* _Work instruction_: The lines to return run from the one containing "Для гігієнічного очищення" through the end of the material; give them exactly and leave out the pictures.

* _The data_:
'''

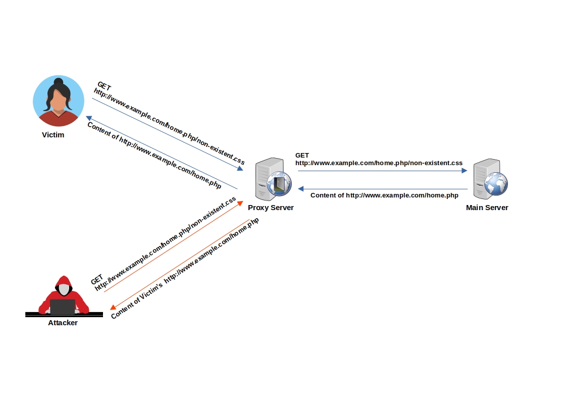 8. When the attacker requests http://www.example.com/home.php/non-existent.css, the request is sent to the cache server, and the cache server returns the cached file with the victim's sensitive home.php data.
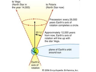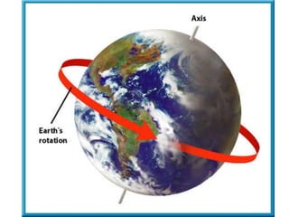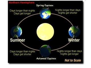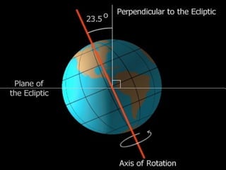 The document summarizes key concepts about the Earth's relationship to the sun and moon from a 6th grade science textbook. It discusses how ancient Greeks like Aristotle were able to determine the Earth was spherical by observing shadows on the moon. It also explains the Earth's axis of rotation, its tilted axis causing seasons, and defines solstices and equinoxes as the days when the sun is furthest or directly overhead at the equator.
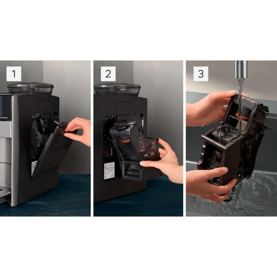 Для гігієнічного очищення блок заварювання легко зняти і промити під проточною водою. Це забезпечує стабільний смак та продовжує термін експлуатації. Таким чином, ви можете насолоджуватися чистим смаком та ароматом найкращого кавового напою.
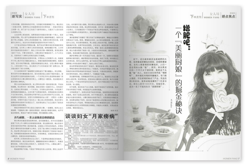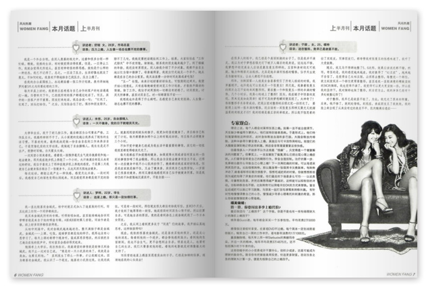 《女人坊》杂志多年来贵在不断适应市场,并多次调整版块、栏目、风格、版式、印刷,一步一个脚印,一年一个台阶,从只在国内发行到走向国际书刊市场。

'''

* _Solution to this problem_:
 Для гігієнічного очищення блок заварювання легко зняти і промити під проточною водою. Це забезпечує стабільний смак та продовжує термін експлуатації. Таким чином, ви можете насолоджуватися чистим смаком та ароматом найкращого кавового напою.
 《女人坊》杂志多年来贵在不断适应市场,并多次调整版块、栏目、风格、版式、印刷,一步一个脚印,一年一个台阶,从只在国内发行到走向国际书刊市场。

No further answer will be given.